Looking at the load tables for various products, purlin hangers are often shorter than the actual size lumber they're supposed to hang:

The size difference seems more consistent at lower dimensions. For instance, 2x4 purlins are 3 7/16" high and 2x6 purlins are 5 3/8" high.

Why is this? Won't the joists end up higher than the header? Is something supposed to go on top of the header to offset this so the subfloor is level?


I'm using purlin hangers to hang floor joists inside my walls, which seems to be a suggested usage of these products.

Perhaps others can put this problem better than me. Check out the reviews and question on the USP JPF at Lowes.

Edit 2

Just to be sure we're all on the same page, this is a purlin hanger being used to hang floor joists. Only difference is I'm using solid sawn joists rather than i-joists.

enter image description here

Perhaps the foam tape supposed to make up the difference?

  • 2
    Go measure an actual 2x4. Jun 1, 2016 at 16:01
  • @ChrisCudmore I'm familiar with the actual/nominal size distinction if that's what you mean. A 2x4 is 3 1/2" wide but the perlin hanger is 1/16" shorter. Jun 1, 2016 at 16:10
  • 1
    I think the point is that you want the joists at the same height as the header, and if the purlin were the same size as the (nominal) wood dimension, the purlin could interfere with the underlayment. You place the purlin so the top of the joist is exactly at the level of the headers. Jun 1, 2016 at 16:13
  • "you want the joists at the same height as the header" -- correct. I'm not sure what underlayment has to do with this since there's still a subfloor going on top of the joists and header. "You place the purlin so the top of the joist is exactly at the level of the headers." I don't see how this is possible. If the hanger is shorter than the lumber, the lumber will be higher than the header.

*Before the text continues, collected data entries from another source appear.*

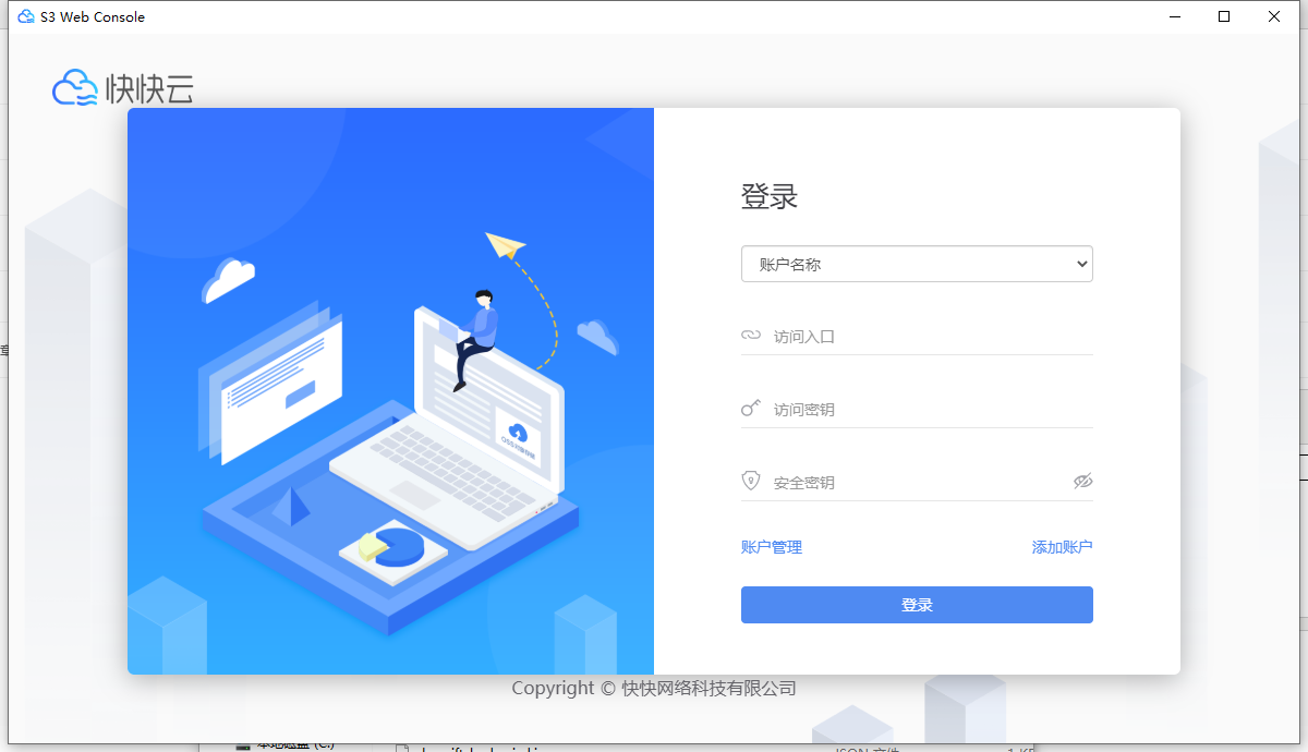 2.解压S3 Web Console,单击KK-OSS.exe文件,填写访问入口,访问密钥和安全密钥,选择登录。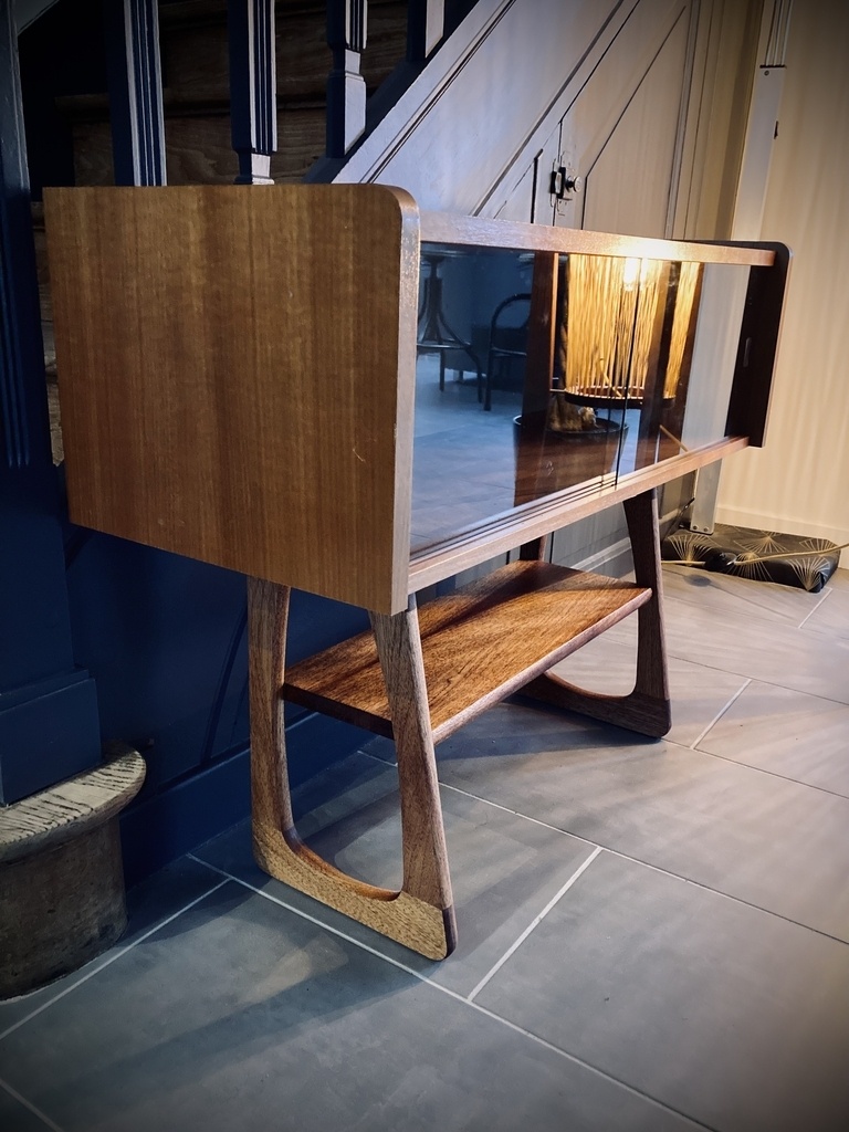 Ma compagne a eu l'idée de couper et ne garder que la vitrine du secrétaire (la partie du haut), et m'a demandé de faire les pieds. Ça a été un bon exercice avant de passer à la bibliothèque mid-century qui avait ce même type de pieds. Ils sont grandement inspirés de la chaise traineau Baumann des années 80. Un gabarit, une fraise à copier et le tour est joué !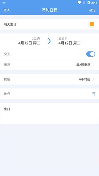 3、用户可自行设置待办事项,体验录入功能,以防遗忘。

Jun 1, 2016 at 16:19
  • 1
    I didn't realize that we were talking specifically about top-mount hangers. My mistake. Answer updated.
    – isherwood
    Jun 1, 2016 at 18:12

2 Answers 2


Besides safety and practicality mentioned by isherwood... part of the answer is money... the size of the hanger is related to the cost of the hanger. If you make or sell hangers in bulk, then every cent matters (customers like walmart and lowes will buy the hangers that are one cent cheaper per 100 boxes). If you only need to hold a certain weight, then there's little benefit to oversizing the hanger.

Another other part of the answer is that purlins are part of a (steel) roofing system. You cannot have the hanger sticking through the roof.

But If we are just talking about joist hangers in general, tops of the joists will be level with the header if you install them level. The hangers that wrap around the joist will need room below the joist (just the thickness of the hanger - not very much).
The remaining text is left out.